C’est par une action spectaculaire que le FSLN sort de sa période de clandestinité en décembre 1974. Les combattants sandinistes déclenchent une prise d’otage stratégique dans la maison d’un ministre somoziste où sont rassemblés plusieurs hauts dignitaires du régime. En échange de leur libération, le FSLN obtient l’élargissement de plusieurs de ses militant-es qui peuvent aller se réfugier à Cuba, ainsi que la lecture d’un communiqué de revendications sur toutes les ondes du pays. A partir de là, les affrontements entre Sandinistes et Garde nationale gagnent en intensité et les martyrs révolutionnaires se comptent par dizaines. Carlos Fonsceca lui même tombe les armes à la main fin 1976. Le courage des révolutionnaires face à la dictature attire vers eux un vaste mouvement de solidarité internationale. Des centaines de jeunes Nicaraguayen-es rejoignent la guérilla qui trouve aussi une sympathie grandissante dans une population lassée des méthodes du gouvernement. L’organisation se divise cependant sur la meilleure stratégie à adopter pour vaincre au plus vite Somoza. Une première tendance, d’obédience maoïste et dirigée par Tomas Borge, veut accentuer la guerre populaire en s’adressant d’abord aux masses paysannes, tandis que le courant dit prolétarien défend une implantation privilégiée dans la classe ouvrière urbaine. C’est une troisième sensibilité, dite insurrectionnelle, qui en définitive imprime sa marque au mouvement. Ces militant-es, parmi lesquels on compte Daniel Ortega ou le prêtre Cardenal, sont partisan-es d’une guérilla prenant appui sur les luttes ouvrières et faisant ainsi la jonction entre exploité-es des villes et des champs. Les débats internes sont vifs mais, tout au long des années 1977-1978, le combat se poursuit et s’élargit. Sentant la situation lui échapper, Somoza durcit encore la répression. L’assassinat du journaliste et opposant Chamoro début 1978 entraîne des manifestation de masse dans les grandes villes du pays. Les trois tendances internes du FSLN se réunifient peu à peu et lancent l’assaut final au printemps 1979.
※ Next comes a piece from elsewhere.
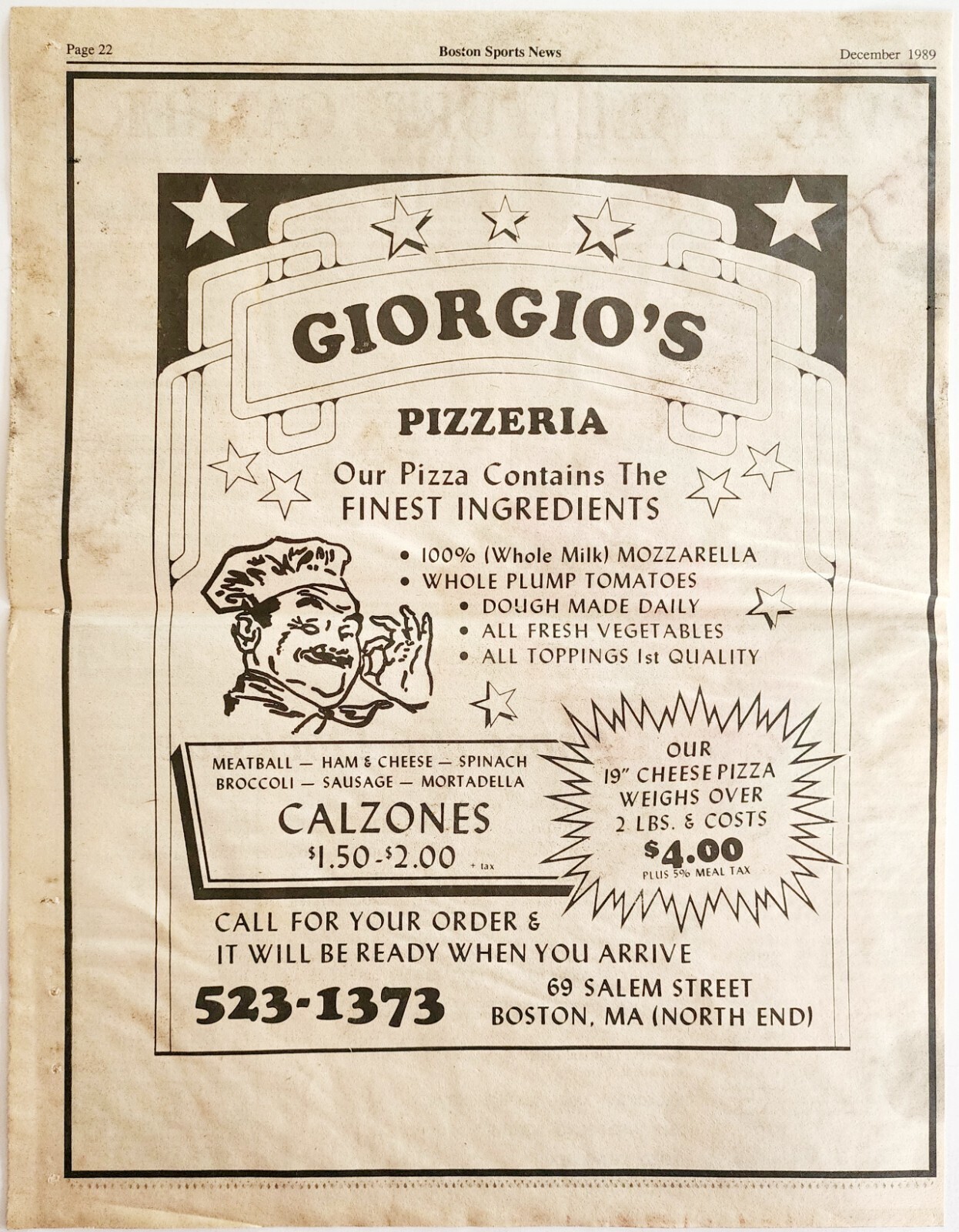 1989 Giorgio's Pizzeria Restaurant Advertisement Boston Pizza Shop DWJJ15

…à la victoire et l’espoir

Une grève générale massive dans les principales villes du pays précède l’attaque des combattant-es armé-es sur la capitale. Somoza réplique en faisant bombarder les centres urbains. Les États-Unis ne peuvent soutenir de telles exactions, qui soulèvent l’indignation dans le monde entier. Le président Carter est contraint de lâcher son allié. Acculé, le dictateur doit fuir. La voie est libre pour le FSLN. Le 19 juillet 1979, ses combattant-es entrent dans Managua en libérateurs/trices et forment une junte de reconstruction nationale chargée de mettre en œuvre un programme de transition sociale et démocratique dans un pays exsangue. (à suivre)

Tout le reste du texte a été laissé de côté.